Meatballs at a party are always a hit, and these hors d’oeuvres are sure to disappear fast. The eggplant in these vegetarian delights add the “meatiness” reminiscent of their more traditional cousins. These meatballs are too good to limit to using just as an hors d’oeuvre. Try them for dinner over egg noodles or cauliflower rice.
These savoury gluten-free cookies will be the unexpected hit of your holiday gathering. Make sure to source sweet rice flour for this recipe. This type of rice flour is ground from short-grain glutinous rice and, although it’s called “sweet,” it has a mild, almost milky flavour that’s not at all sugary. Sometimes you’ll find this flour labelled as “mochiko.” The sky is the limit for fillings in these savoury cookies. Other great options include olive tapenade, pesto, or hot red pepper jelly with blue cheese.
Just one bite is all you need to realize this unassuming hors d’oeuvre is so much more than the sum of its parts. It’s sure to become a go-to in your appetizer repertoire since it’s simple and also quick to put together. Because there are few ingredients, it’s important to source the best quality possible to ensure the tastiest results. These “tacos” can become an effortless vegan appetizer by filling the beet slices with a teaspoon or two of your favourite store-bought vegan nut paté instead of the crab filling.
The tantalizing bits of crystallized ginger in this dough-topped fruit dessert add a little excitement to a holiday classic. The lower sugar content finds the right balance between sweet and tangy. And thanks to a bag of frozen fruit, the dish comes together quickly. Frozen pointers Look for mixed bags of blueberries, raspberries, strawberries, blackberries, or cherries, or use any frozen fruit or combination that you like, from peaches to cubed mangoes. The best part is that the fruit doubles as an icepack in your cooler on the way to your destination (store the cooler in the trunk if it’s not hard-sided or if it tends to leak). Don’t worry if the fruit thaws by the time you arrive. Just store it in the fridge rather than refreezing it. It will keep for about three days and will still be delicious. Chopping crystallized ginger can become a sticky situation. If your knife just isn’t “cutting it,” try using scissors.
There’s nothing like a buttery red wine sauce to evoke the feeling of chalet comfort. This version reduces the butter and honey so there’s just enough to balance the acidity in the wine. If you can’t find venison, replace it with another lean cut of meat such as beef tenderloin or sirloin, bison, or elk.

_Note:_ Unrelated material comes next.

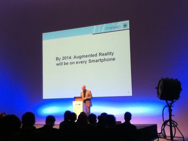 I could try to describe the demos and products I saw at InsideAR, but instead I captured as many of the relevant examples as I could, on video, because a picture is worth…well, you know. In any event, the concepts/products I saw that seemed the most compelling and relevant were the Vuzix HMD, Metaio’s Creator software and the augmented textbook by linked-concept.de
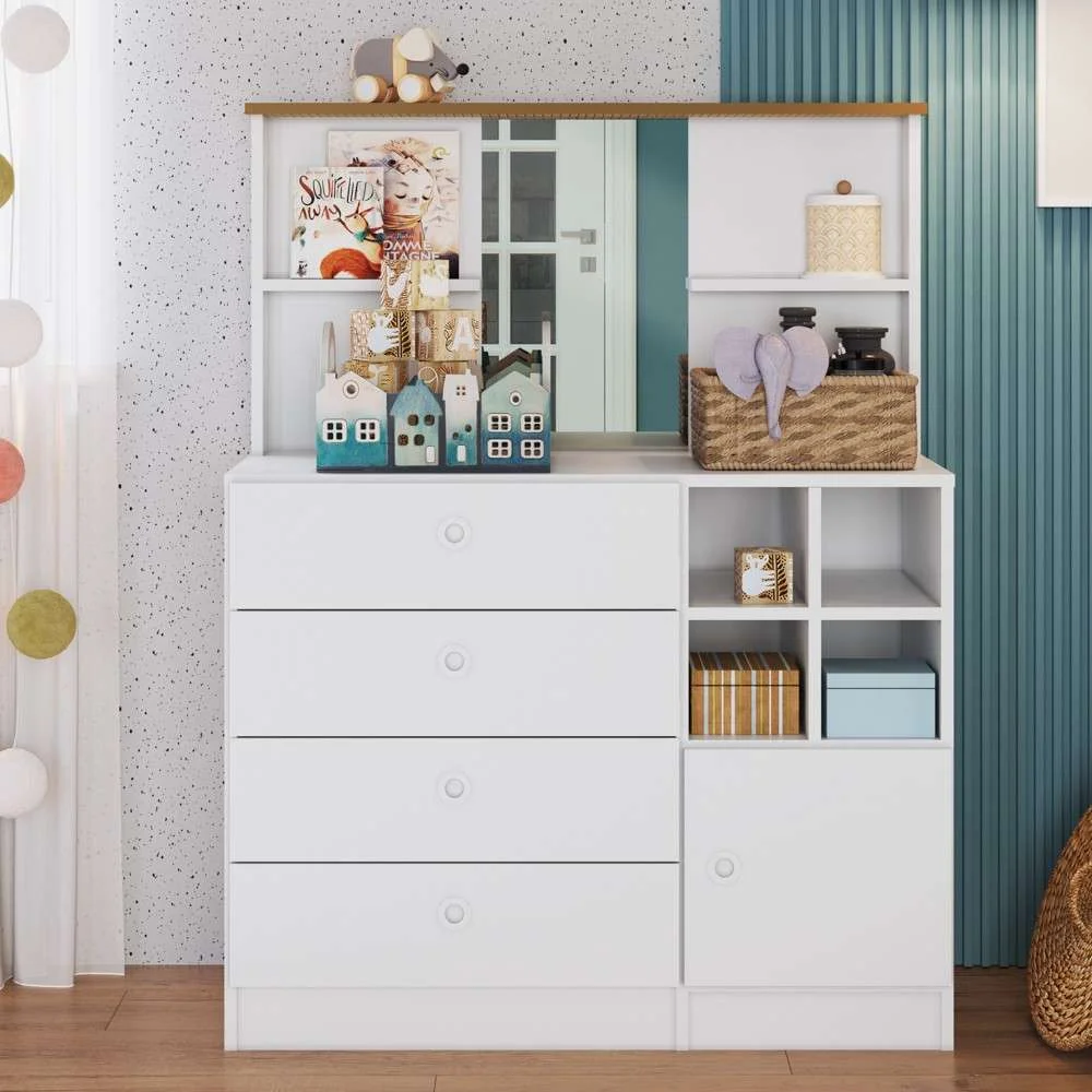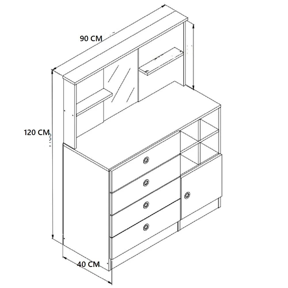 Equipada con 4 amplios cajones, cada uno con correderas telescópicas para un deslizamiento suave y cómodo, esta cómoda brinda amplio espacio de almacenamiento para mantener la habitación organizada. Su diseño pensado para la comodidad y la organización permite guardar ropa, accesorios u otros objetos de manera eficiente, convirtiéndola en una opción perfecta para quienes buscan estética y funcionalidad en un solo mueble.

This warm and satisfying dish pays homage to slow-cooked North African tagines, but comes together in no time, combining sweet apricots with savoury and tender vegetables, legumes, and chicken. As with the black quinoa and lentil pilaf, the spices can be premixed at home if you’re heading out of town, making for efficient packing without sacrificing flavour. Using a fresh lemon (which doesn’t need to be refrigerated) also means you won’t need to lug a bottle of lemon juice along. Feel free to add other vegetables such as sweet potato, squash, parsnips, turnip, or cauliflower, or swap in dried figs, dates, or prunes for apricots. Any type of olives will work––e.g. green, purple, or black––and though you don’t need an entire jar for the recipe, you can serve the rest as an appetizer or snack. You can use dried chickpeas, soaked overnight, drained, and simmered in water until tender, or you can use canned, which saves time. Be sure to drain and rinse canned chickpeas thoroughly in water before using to significantly reduce the sodium content.
Pilaf is a term liberally used to simply mean “grains cooked in broth.” There are usually onions, garlic, and spices involved, and the grains are often sautéed in butter or oil before being simmered in the liquid. This getaway-friendly version calls for dried spices instead of fresh, which you can combine in advance to save space in your bags and time in your cooking. Feel free, though, to add fresh diced onions, garlic, or other vegetables if you prefer. Toasting tips To toast sunflower seeds, in small saucepan or skillet, heat seeds over medium heat for about 5 minutes, stirring frequently, until browned and aromatic. Remove seeds immediately from the pan so they don’t burn. Many variations for ultimate flexibility Don’t be afraid of the long ingredient list. You can skip pretty much any of the spices––except the salt––or replace them with others that you have on hand, such as parsley, thyme, or paprika. You can also use white or tri-coloured quinoa instead of black; the dark colour gives the dish a more dramatic visual effect.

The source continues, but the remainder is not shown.